Alibaba (BABA), the Chinese e-commerce giant who we cannot stop comparing to Amazon (AMZN), has done one thing much better than Amazon this year – send their stock price soaring way higher than what Amazon could manage. Alibaba’s stock has surged by more than 90% since the start of the year, making Amazon’s 27% increase look like below-par performance.
The disparity in the growth rates can be directly linked to the way revenue has grown for both e-commerce giants. Alibaba’s revenue growth accelerated from less than 35% in Fiscal 2016 to the current easily-above-50% levels. Amazon’s revenue has been growing in the 20% to 30% range in the last six quarters, a great number when looked at in isolation, but less than half the speed that Alibaba has clocked in the last five quarters.
As is the case with our hyper-reactive market, the strong revenue growth has sent the stock price soaring by nearly 90%, and I guess it will only be a matter of time before that number hits triple digits. But there is one more factor that has worked in the Chinese e-tailer’s favor as well: their slowly increasing operating margin levels.
It is never easy to keep improving your margins while your revenue is expanding, and it is even more difficult to achieve that if you are operating in the retail sector. But Alibaba has done exactly that.

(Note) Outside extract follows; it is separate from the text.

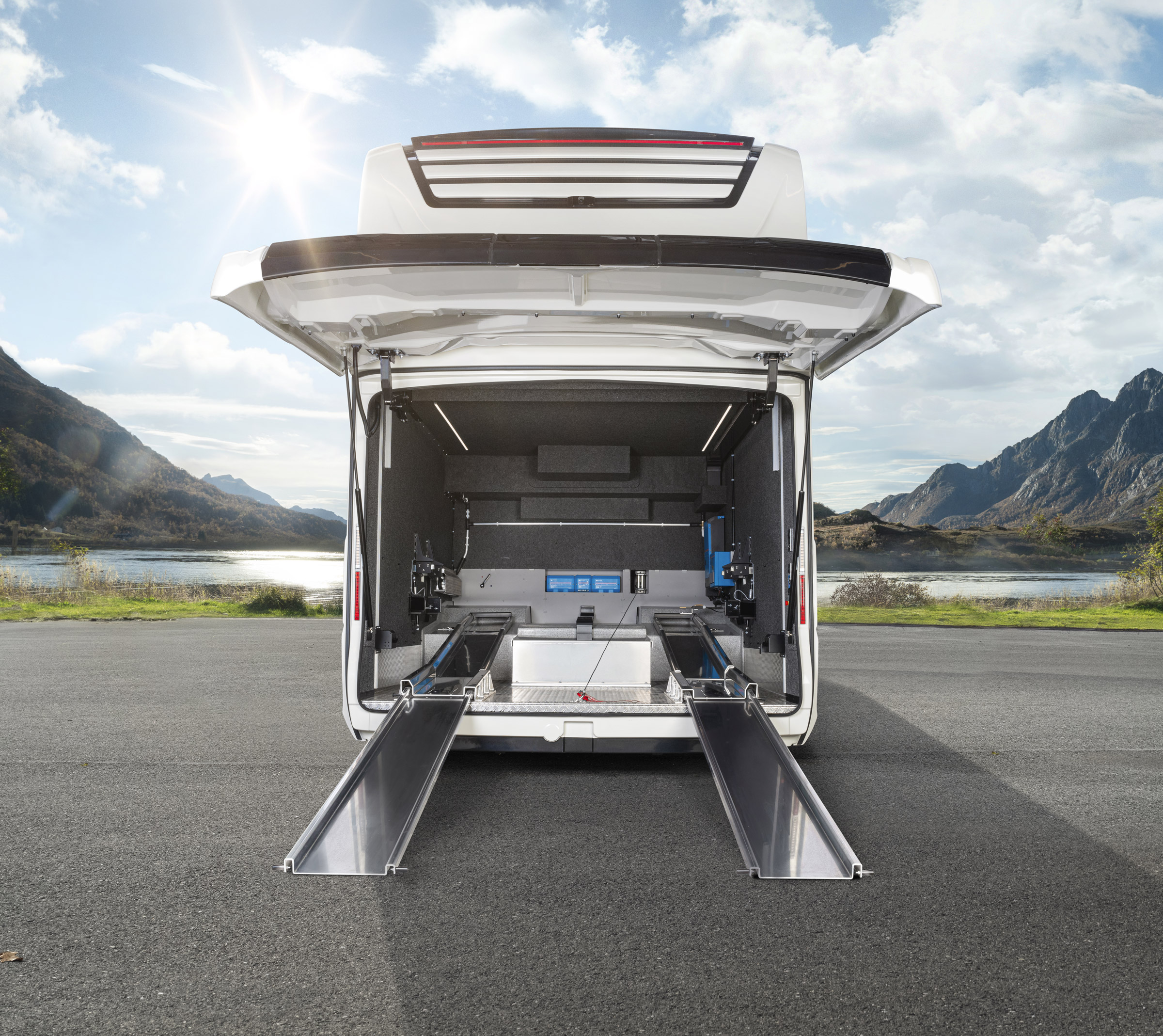 Palace Liner 110 GSB posiada wygodne i przestronne łóżko w tylnej części pojazdu oraz dużą kanapę w salonie którą również można zaadoptować na wypoczynek. Na wyposażeniu salonu znajdują się także m.in.: wysuwany elektrycznie duży telewizor z soundbarem oraz klimatyzacja. Kamper Morelo Palace Liner 110 GSB jest wyposażony w najnowocześniejsze rozwiązania technologiczne, takie jak: system nawigacji satelitarnej, system audio-video, kamery cofania, automatyczny system poziomowania, panele słoneczne, przetwornicę 230V oraz klimatyzację działającą bez podłączenia do sieci energetycznej.

One more major factor that is possibly influencing market sentiment in a positive way is that much of Alibaba’s current growth is actually coming from their core commerce retail segment, which accounted for 73% of Alibaba’s revenue during the recent quarter and grew 57% compared to last year. If your core bread and butter operations are leading the growth charge and your operating margins are expanding in the process, then there are plenty of reasons to believe that such growth didn’t happen by accident. And its also not a surprise that the market expects that growth to continue in the future.